Climate change presents another daunting challenge to urban trees, which require regular surface watering and less extreme temperatures for survival, but its impacts will require more sophisticated species selection practices as well as adaptive water management practices to adapt.
Roadblocks in the Path of Urban Greening
Melburnians take great pleasure in creating the lush, shaded urban environment they have come to know and love in Melbourne, which requires ongoing commitment and effort. At present, the city spends about one million dollars annually on tree planting. As part of its strategy to increase canopy coverage to reduce thermal comfort reliance while expanding biodiversity via adding native vegetation species.
Melbourne’s urban forests depend on both population health and tree management to thrive, including knowledge of which trees are at risk of dying so replacement programs can be managed with minimum impact to communities. Furthermore, urban foresters must take into account how different tree species provide cultural services such as aesthetics, mental health support, social development or increasing property values.
City of Melbourne has historically used an online map to provide its 80,000 trees with information to the public. This map depicts their location, species and age as well as condition; helping identify when new planting or treatment of diseases might be needed.

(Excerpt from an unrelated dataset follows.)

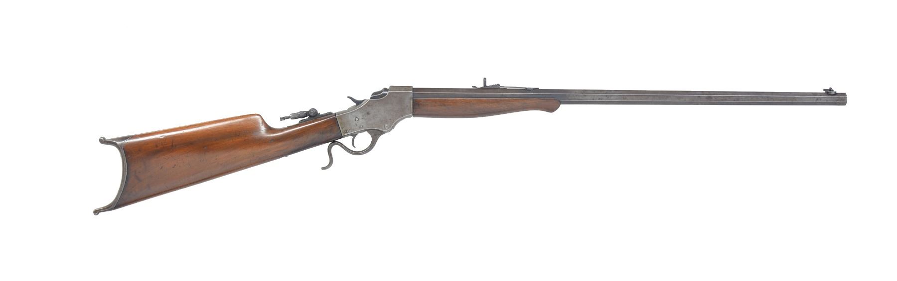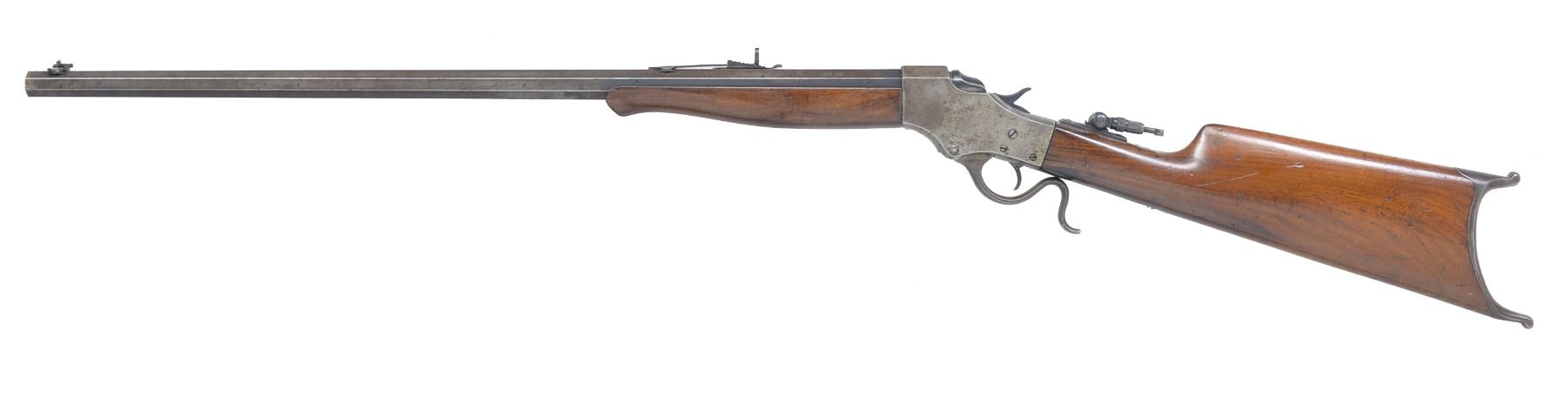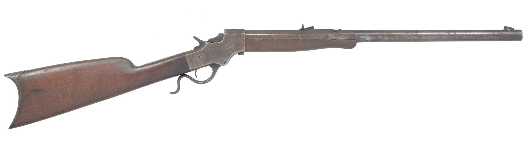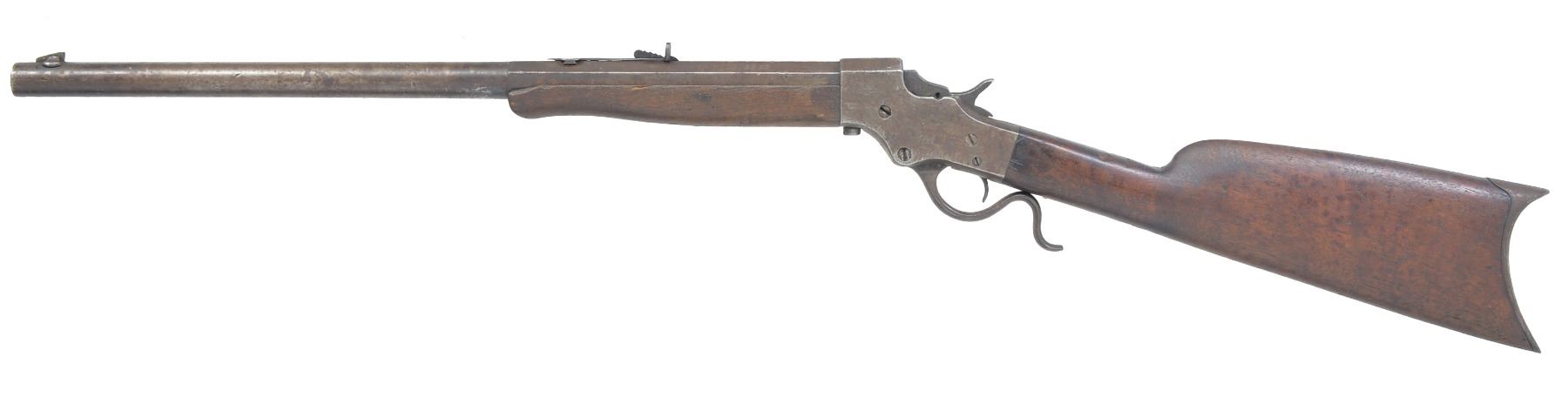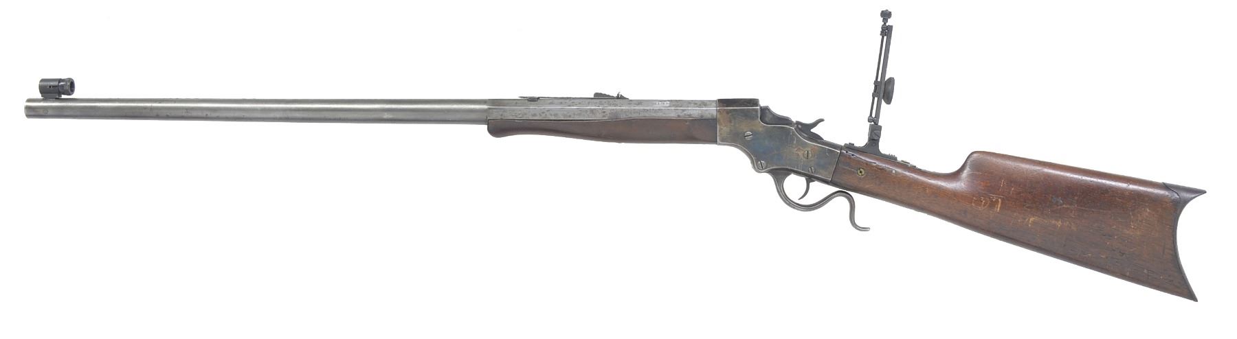 1) NO. 44 1/2 IDEAL. Cal. 25-25 Stevens. S# 721. Bbl. 26" oct. Combination front sight, Marbles sporting rear sight & Marbles combination tang sight. Case colored action. Schnabel tipped forearm & straight grip walnut stock w/ steel Schuetzen buttplate. CONDITION: bbl. retains 30% dull blue fading to brown showings spots of corrosion. Action finish has faded to gray showing scattered light corrosion. Wood has worn finish showing numerous scratches, dents & handling marks. Dark pitted bore w/ partially intact rifling. (20-1103/DS). 2) NO. 44 IDEAL. Cal. 25-20 Single Shot. S# 45741. Bbl. 21 1/2" oct. to rnd. German silver blade front sight w/ sporting rear sight. Right side of action is stamped w/ several letters that appear to include "M", "E" & "P". Walnut forearm & straight grip stock w/ crescent steel buttplate. CONDITION: metal finish has faded to mottled patina showing pitting w/ several areas of dents on bbl. & receiver. Forearm has dark worn appearance w/ handing marks & gouges missing chip near tip. Stock has dark worn appearance showing dents & handling marks. Stock is reshaped in the comb area w/ cracks & chips around top tang. Bore has darkened appearance w/ worn rifling. (20-1109/DS). 3) NO. 44 IDEAL. Cal. rebored to 32-20 & remarked. S# 6244. Bbl. 26" oct. to rnd. Modern globe front sight w/ sporting rear sight & modern mid-range Vernier tang sight. Schnabel tipped walnut forearm & straight grip stock w/ crescent steel buttplate. CONDITION: bbl. has clean gray appearance w/ scattered pitting & corrosion. Action finish retains dull blue finish showing surface corrosion. Forearm is worn w/ handling marks missing chips along both sides of bbl. Stock has dark worn appearance w/ cracks, chips & extra holes around action & both tangs. Wrist has a brass bolt repair. Tang screws are brass replacements. Rebored bbl. is bright w/ strong riling, muzzle end has a dished target crown. (20-1143/DS). ALL CURIO. $700-1,000.

The City of Melbourne will continue to develop its tree map and promote use of online tools, but must also strive to enhance engagement with its community. Melbourne’s green infrastructure resides mainly on private property; therefore it must work with developers to promote sustainable urban climate practices in new residential developments.
Future Ambitions for Melbourne’s Urban Forest
An effective path towards sustainable urban climate requires the collaborative commitment of an entire community that spans beyond electoral cycles. Expertise from planning, ecology, urban design and landscape architecture may need to be involved as well as partnerships formed between private land owners for urban greening projects as well as broadening knowledge base of tree species that offer numerous environmental benefits.
The City’s Integrated Urban Forest Strategy was created with community engagement at every step, creating an incredibly successful and inclusive process. It includes vegetation from all municipal streets and parks to open spaces such as urban open spaces and landscapes such as campuses, river and creek embankments, railway corridors and wetlands - as well as over 70,000 public domain trees as well as many thousands of private gardens, balconies and roofs in its scope.
This strategy establishes tree canopy and permeability targets on both public and private land, and recommends an objective method of long-term monitoring, evaluation, and reporting on the quality and extent of Melbourne’s urban forest. This work complements DELWP’s Plan Melbourne 2050 Action 91 which seeks to create a cooler and greener Melbourne. Both initiatives have received endorsement from organizations representing business, community, natural resource management sector, which demonstrates that their members support Living Melbourne and play an essential part in its implementation.